JAX GM faculty member Bill Skarnes. Photo by Cloe Poisson
Bill Skarnes and team established and characterized a stable iPSC line, KOLF2.1J, to act as a high-quality baseline platform for modeling human disease. This line is part of the catalog of human iPSCs at JAX.
About 15 years ago, researchers discovered a way to take an adult non-reproductive (somatic) cell and return it to a pluripotent or undifferentiated state. For example, a cell that was once part of the skin can be reverted to pluripotency. With the qualities that once made it part of the skin removed, the cell has the capacity to differentiate and divide into a variety of different cell and tissue types. This kind of cell, named induced pluripotent stem cells (iPSCs), give researchers a powerful tool to accurately model human disease.
Cell line complications
iPSC lines have become essential for determining the underlying genetic drivers of human disease. Genomes of iPSCs can be easily edited using the bacteria-based CRISPR/Cas9 technology to introduce or correct disease-associated variants. By focusing on one gene variation at a time, results of experiments have a clear genetic cause and effect to be easily compared to previous data. What poses a challenge for accurate disease modeling is the inherent variation between iPSC lines, as well as the wide variety of cell lines used in research between institutions, creating unwanted obstacles in data interpretation.
A stable iPSC cell line
Jackson Laboratory (JAX) Professor of Cellular Engineering Bill Skarnes, Ph.D., and colleagues have developed a cell line to address the challenges facing cellular modeling of disease. A paper published in Cell Stem Cell, “A reference human induced pluripotent stem cell line for large-scale collaborative studies” details how Skarnes and his team deeply characterized genetic properties of eight iPSC lines, with one rising above the rest. The cell line KOLF2.1J proved to be an all-around well-performing iPSC line with high genomic stability in post-edited clones.
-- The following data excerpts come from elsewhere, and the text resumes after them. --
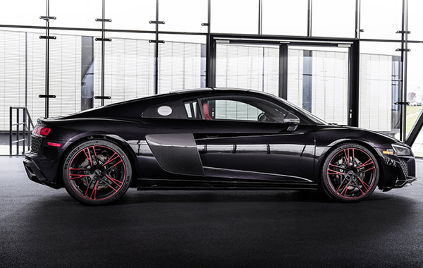 Đúng với tên gọi Panther; phiên bản đặc biệt của Audi R8 RWD 2021 có ngoại thất mang màu đen chủ đạo. Phần gương xe cũng được ốp sợi carbon; logo Audi thay bằng loại hợp kim đen và la-zăng 20 inch 5 chấu kép cũng được phủ sơn đen mờ và viền đỏ.
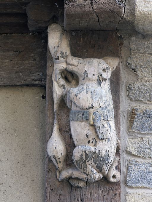 Elévation sud, rez-de-chaussée, décor du poteau d'huisserie : la truie qui file (état en 2012)Immatriculation
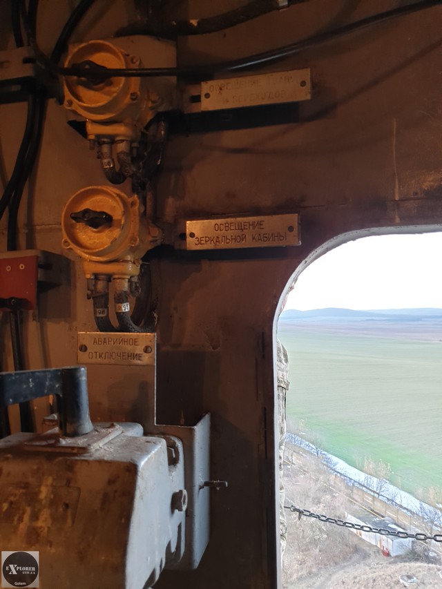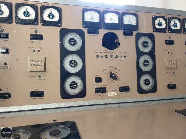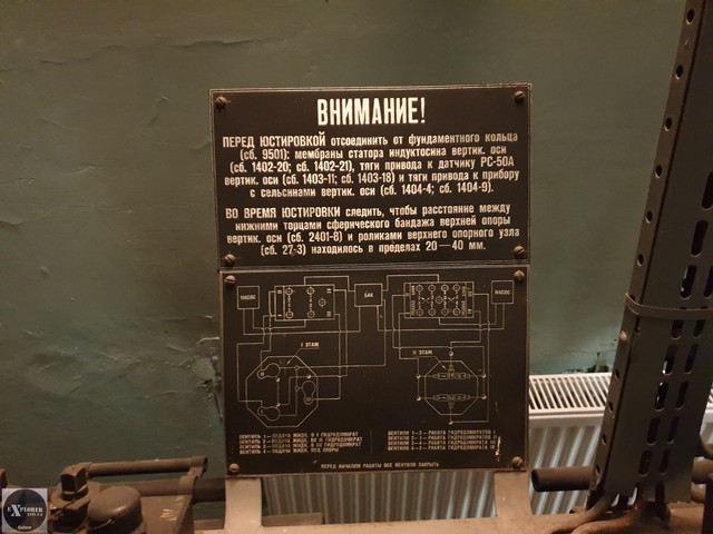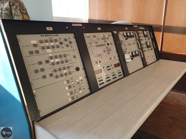 Перша антена 25мВсередині все по корабельному: акуратно і попри стінкуІ хоч в приміщенні місця дуже багато, але вся апаратура зроблена компактно як на справжньому кораблі.Покажчик наведення антени на супутникТаких стійок було три на різних поверхах. Кожна з них могла керувати антеною.Оооо! Нам сюди 🙂 !Тут вже сучасніше обладнання для приймання і передавання сигналівБлок-схема автоматичної системи керування антеною.Дистанційно-керовані підсилювачі і джерела шумуРобоче місце оператора антениЛампочки світяться! Казали що все тут робоче. Просто не використовується.Піднімаємося вгору до самої антени. По корабельному тісно та затишно. Видно гідродвигуни що рухали антеною. (с)фото Станіслав СніжкоКоли антена виходила на позицію то її піддомкрачували щоб зняти навантаження з сервоприводу. Також домкратами вони регулювалася по горизонталі.Інструкція як направляти антену на супутникПокажчик куди зараз «дивиться» антенаЧервона кнопка запуску міжконтинентальних ракет в Бродах. Сховали сюди щоб ворог не здогадався.Стоп-КранНу що, вихід у відкритий космос?
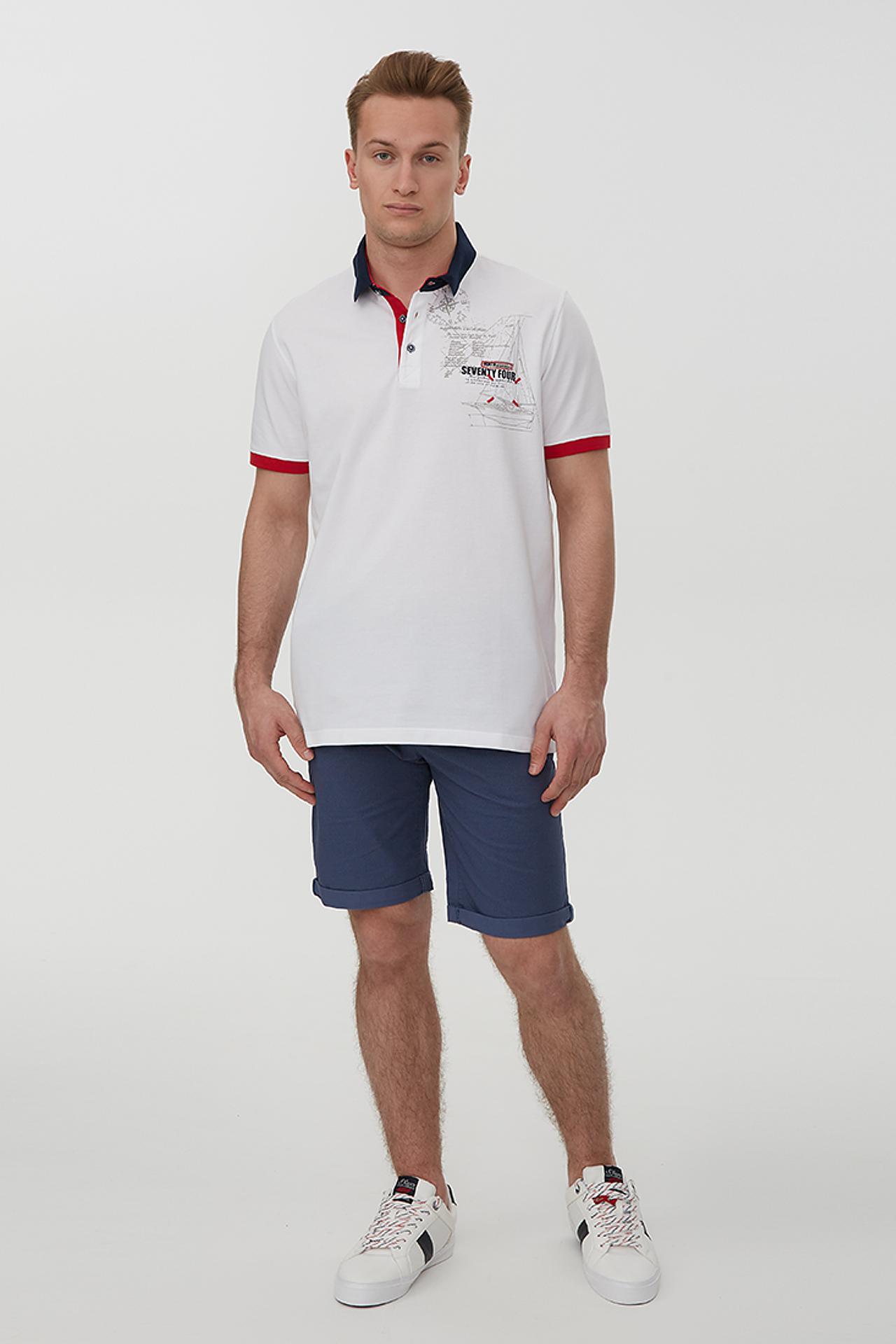 - Универсальность: Поло легко сочетается как с джинсами и шортами для создания непринужденного образа, так и с брюками чинос для более собранного повседневного комплекта. Это универсальный элемент гардероба, подходящий для различных случаев.

Meeting all the criteria for cellular engineering research, KOLF2.1J can act as a stable foundation for modeling hundreds of genetic alterations relevant to Alzheimer’s disease, rare disease, cancer, and more.
Team science
Through the partnership between the iPSC Neurodegenerative Disease Initiative and the Chan Zuckerberg Initiative, KOLF2.1J is available as both a reference parental line and with selected single nucleotide variants (SNVs) as part of the catalog of human iPSCs at JAX. The efforts of Skarnes and his team to meet the need for a common, well-characterized iPSC line will soon benefit research around the globe. By selecting KOLF2.1J as a cell line of choice, researchers will be able to generate consistent, integratable data and help accelerate human disease research. In collaboration with UConn Health, Skarnes and fellow JAX researchers are now planning to derive additional similarly well-characterized iPSC lines from healthy individuals of diverse genetic backgrounds.